The trick that makes the Schröder House work was a regulatory dodge. Utrecht's planning authorities required interior walls in any residential floor; Rietveld and Schröder declared the upper floor an 'attic' to escape that rule. The 'attic' is in fact the heart of the building: a single large room subdivided by sliding and pivoting panels. With the panels open, the upper floor is one continuous space - kitchen flowing into living room flowing into the children's bedrooms. With the panels closed, it becomes a conventional plan of three bedrooms, a bathroom, and a living room. Schröder used the panels to reconfigure her family's life every evening: open during the day for shared meals and conversation, partitioned at night for privacy. A sliding wall between the living area and her son's room covered a cupboard and a light switch, so Rietveld cut a small round opening in the panel - one of the most charming workarounds in twentieth-century architecture.
The facade is De Stijl made buildable. The movement - the same circle of Dutch artists that produced Piet Mondrian's grid paintings - had spent years trying to translate its principles of rectilinear lines and primary colors from canvas into the physical world. The Schröder House is widely considered the only true De Stijl building, the place where the manifestos finally became architecture.
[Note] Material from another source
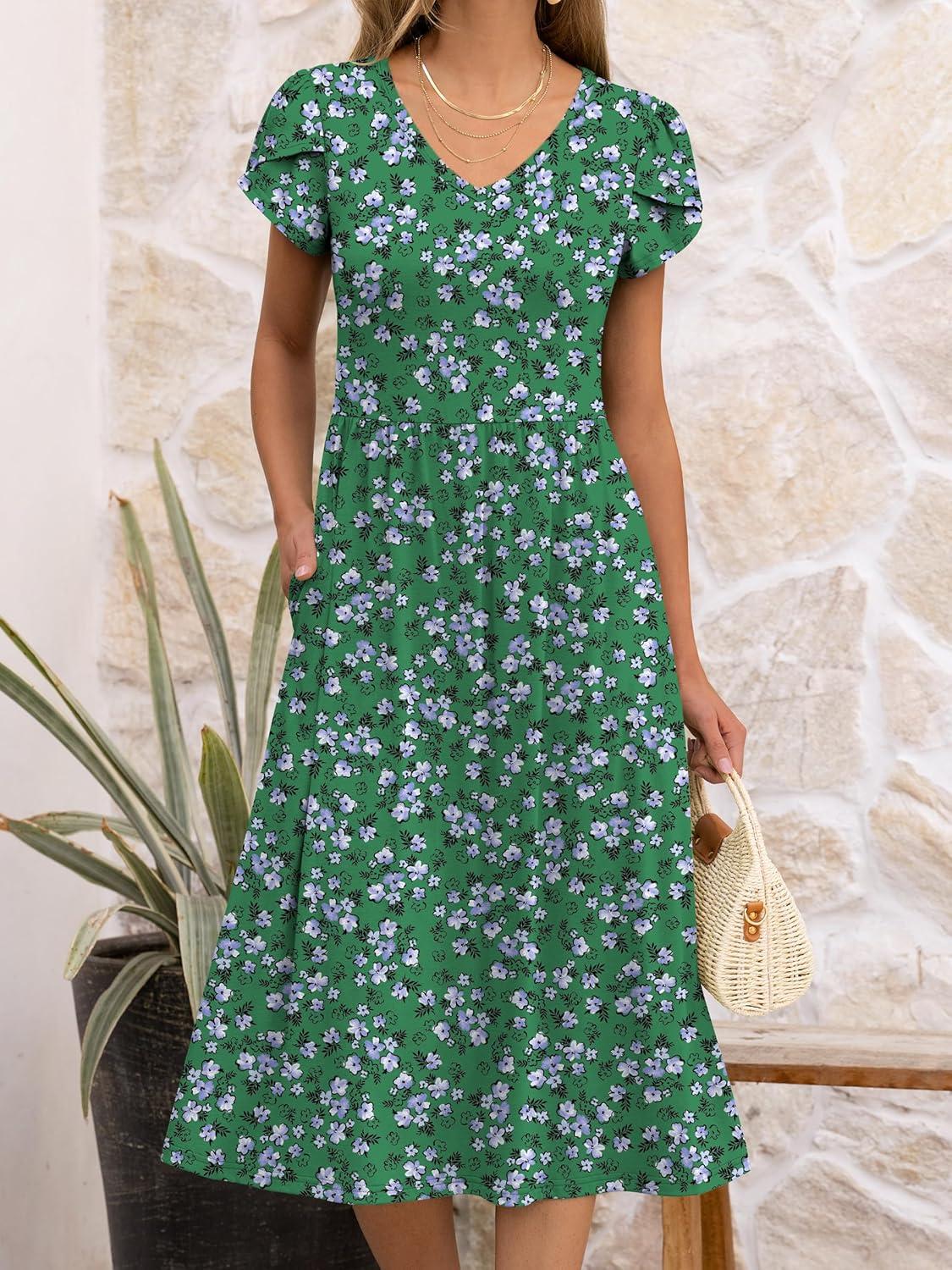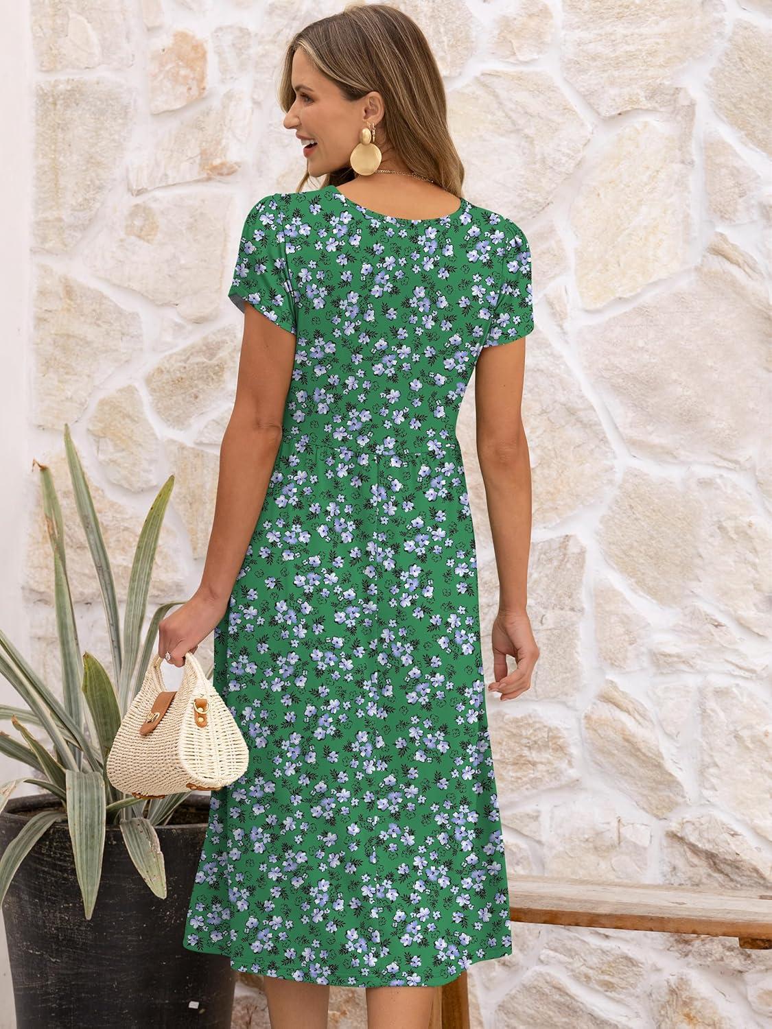 imageANRABESS Womens Summer Short Sleeve Midi Dresses Casual Floral TShirt Dress V Neck ALine Flowy Beach Sundress with PocketsPrint Blue Yellow Floral
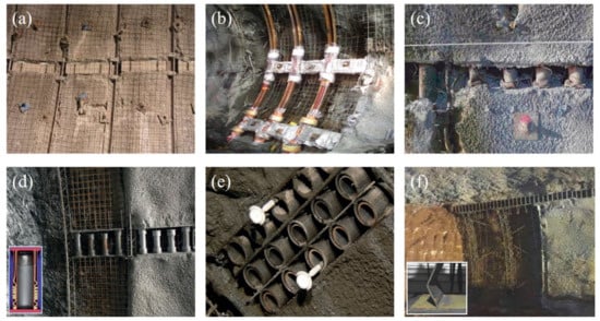 Illustration for applications of yielding elements in tunnels; (a,b) porous concrete-based element; (c–e) steel pipe-based element; and (f) steel plate-based element. Reproduced with permission from [37].

White and gray planes detach from each other as if drifting; black window frames slice across them; thin steel beams in red, yellow, and blue jut out like the brushstrokes of one of Rietveld's chairs scaled up to human size. The windows are hinged so they can only open to ninety degrees against the wall, preserving the geometry whether they are open or closed. Even the corner window opens fully outward, dissolving the building's corner so the rooms inside seem to open onto the street.
For all its visual radicalism, the Schröder House is a modest building. Rietveld originally wanted to build it in poured concrete, the material of the new century. He could not afford to. Only the foundations and balconies are concrete; the walls are ordinary brick covered in plaster, the floors are wood on wooden beams, the structure is steel girders backed by wire mesh. The house cost less than many of the conventional row houses on the same street. Truus Schröder included a garage in the design - architecturally important, practically absurd, because she did not own a car. The Schröder House has been called the world's most influential small building, and it is small: just over a hundred square meters of floor space, jammed against the end of a terrace it makes no effort to harmonize with.
Mrs. Schröder lived in the house for sixty-one years. After her death in 1985 it was restored by Bertus Mulder and transferred to the Centraal Museum, which still operates it as a museum where visitors can see the sliding panels reconfigured in real time. UNESCO inscribed it on the World Heritage list on December 2, 2000, citing criteria for outstanding universal value as the most exemplary work of De Stijl. In 2013 the Royal Dutch Mint put the house on two 5-euro coins. From the front the building still looks like a 1924 sketch that has accidentally been built at full scale - the planes still glide past each other, the windows still hinge ninety degrees, and the city it faces, now buffered by a 1960s motorway, no longer looks anything like Utrecht did when Truus Schröder asked for a house without walls.
Located at 52.085 N, 5.148 E in eastern Utrecht, just south of Wilhelminapark and east of the city center. The site sits at the end of a terraced row on Prins Hendriklaan, hard against a 1960s motorway. From cruising altitude the building is too small to identify, but Utrecht itself is easily picked out by the Dom Tower roughly 2 km west. Nearest major airport is Amsterdam Schiphol (EHAM), about 38 km northwest. Rotterdam The Hague (EHRD) lies about 55 km southwest.